> **Task to carry out**: In the material below, find the line with "Na takšen kompromis" and the line with "100 Pack 1.97x4.3". Output exactly those two lines and all lines between them, leaving out pictures.

> **Record extracts**:
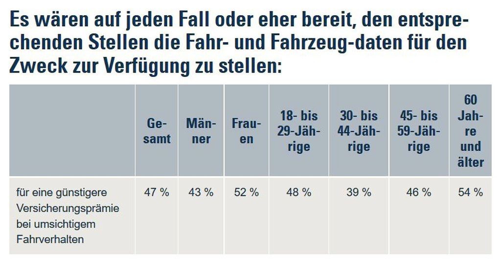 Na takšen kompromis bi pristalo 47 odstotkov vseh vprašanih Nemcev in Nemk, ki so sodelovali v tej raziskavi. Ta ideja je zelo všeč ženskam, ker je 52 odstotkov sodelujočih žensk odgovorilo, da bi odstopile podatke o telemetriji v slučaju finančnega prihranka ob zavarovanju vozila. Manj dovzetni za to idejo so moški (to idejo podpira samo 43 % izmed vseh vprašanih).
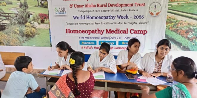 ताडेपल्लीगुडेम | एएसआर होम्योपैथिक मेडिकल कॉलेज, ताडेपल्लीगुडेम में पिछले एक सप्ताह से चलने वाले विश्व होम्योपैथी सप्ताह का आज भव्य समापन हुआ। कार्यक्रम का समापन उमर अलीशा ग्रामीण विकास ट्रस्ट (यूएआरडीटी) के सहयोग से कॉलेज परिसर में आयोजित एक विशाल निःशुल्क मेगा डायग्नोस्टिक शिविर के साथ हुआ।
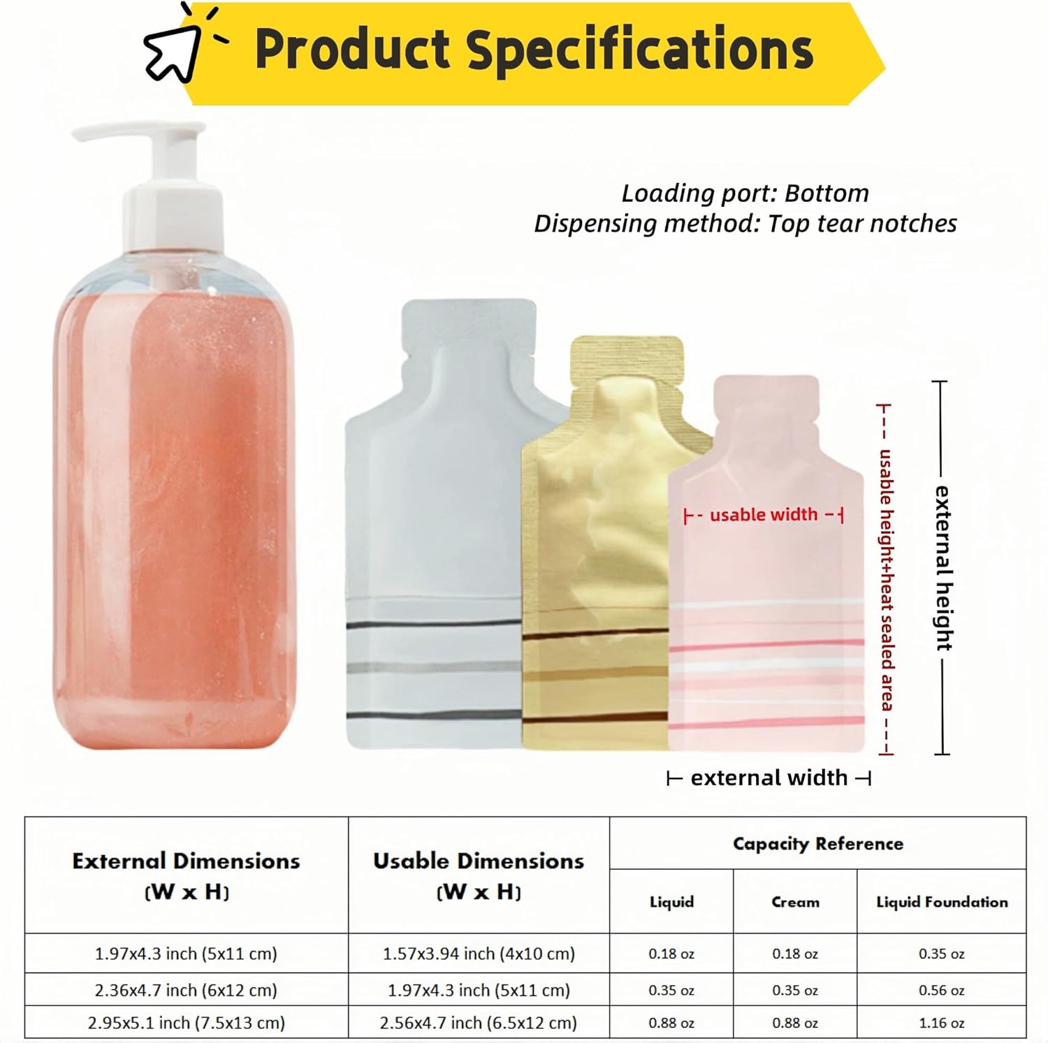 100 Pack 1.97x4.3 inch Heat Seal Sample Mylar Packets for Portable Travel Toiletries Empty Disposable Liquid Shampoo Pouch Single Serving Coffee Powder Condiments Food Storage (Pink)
...
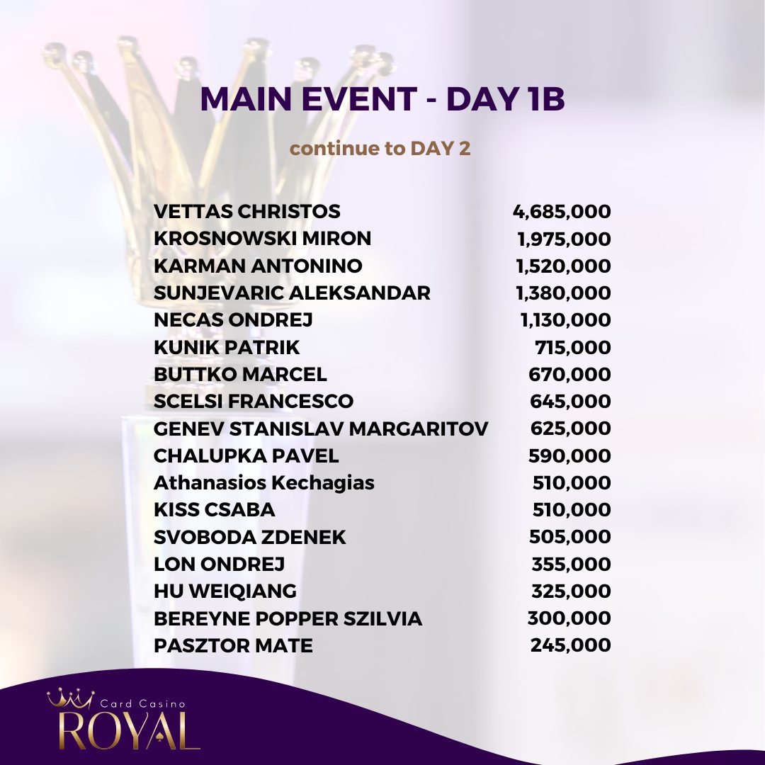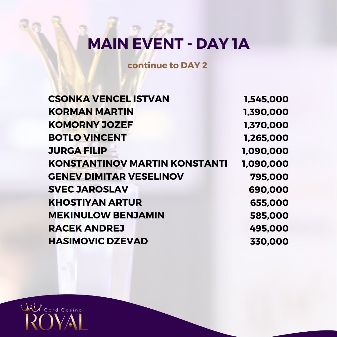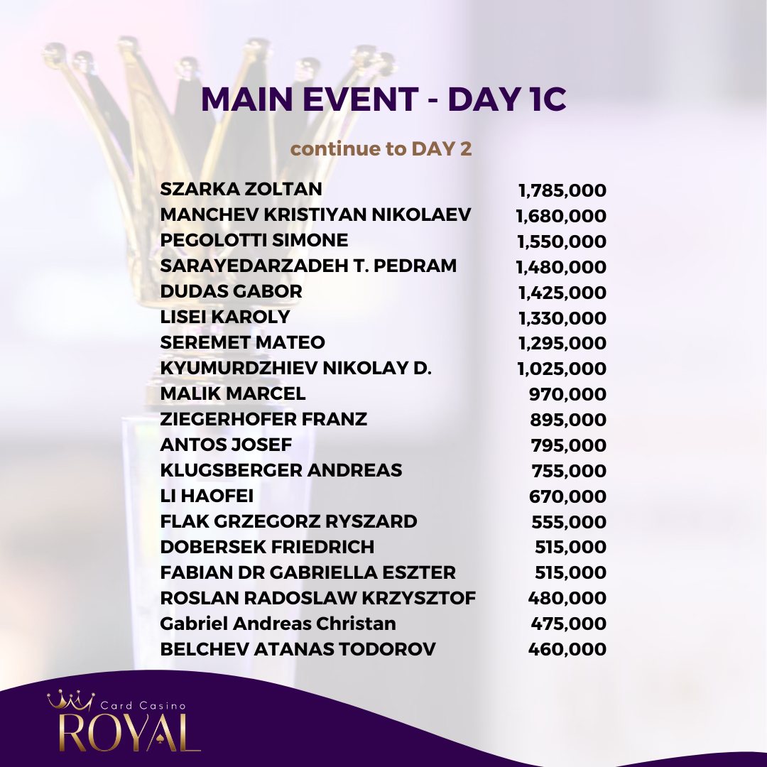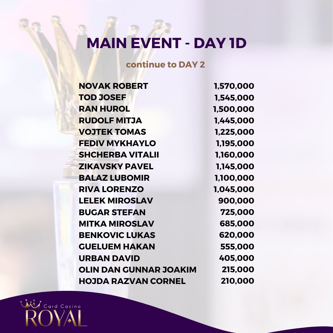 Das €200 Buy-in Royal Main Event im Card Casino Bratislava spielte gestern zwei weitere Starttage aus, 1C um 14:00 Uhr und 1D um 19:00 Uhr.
...
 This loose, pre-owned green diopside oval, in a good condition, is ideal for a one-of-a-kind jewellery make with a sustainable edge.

> **Exercise result**:
 Na takšen kompromis bi pristalo 47 odstotkov vseh vprašanih Nemcev in Nemk, ki so sodelovali v tej raziskavi. Ta ideja je zelo všeč ženskam, ker je 52 odstotkov sodelujočih žensk odgovorilo, da bi odstopile podatke o telemetriji v slučaju finančnega prihranka ob zavarovanju vozila. Manj dovzetni za to idejo so moški (to idejo podpira samo 43 % izmed vseh vprašanih).
 ताडेपल्लीगुडेम | एएसआर होम्योपैथिक मेडिकल कॉलेज, ताडेपल्लीगुडेम में पिछले एक सप्ताह से चलने वाले विश्व होम्योपैथी सप्ताह का आज भव्य समापन हुआ। कार्यक्रम का समापन उमर अलीशा ग्रामीण विकास ट्रस्ट (यूएआरडीटी) के सहयोग से कॉलेज परिसर में आयोजित एक विशाल निःशुल्क मेगा डायग्नोस्टिक शिविर के साथ हुआ।
 100 Pack 1.97x4.3 inch Heat Seal Sample Mylar Packets for Portable Travel Toiletries Empty Disposable Liquid Shampoo Pouch Single Serving Coffee Powder Condiments Food Storage (Pink)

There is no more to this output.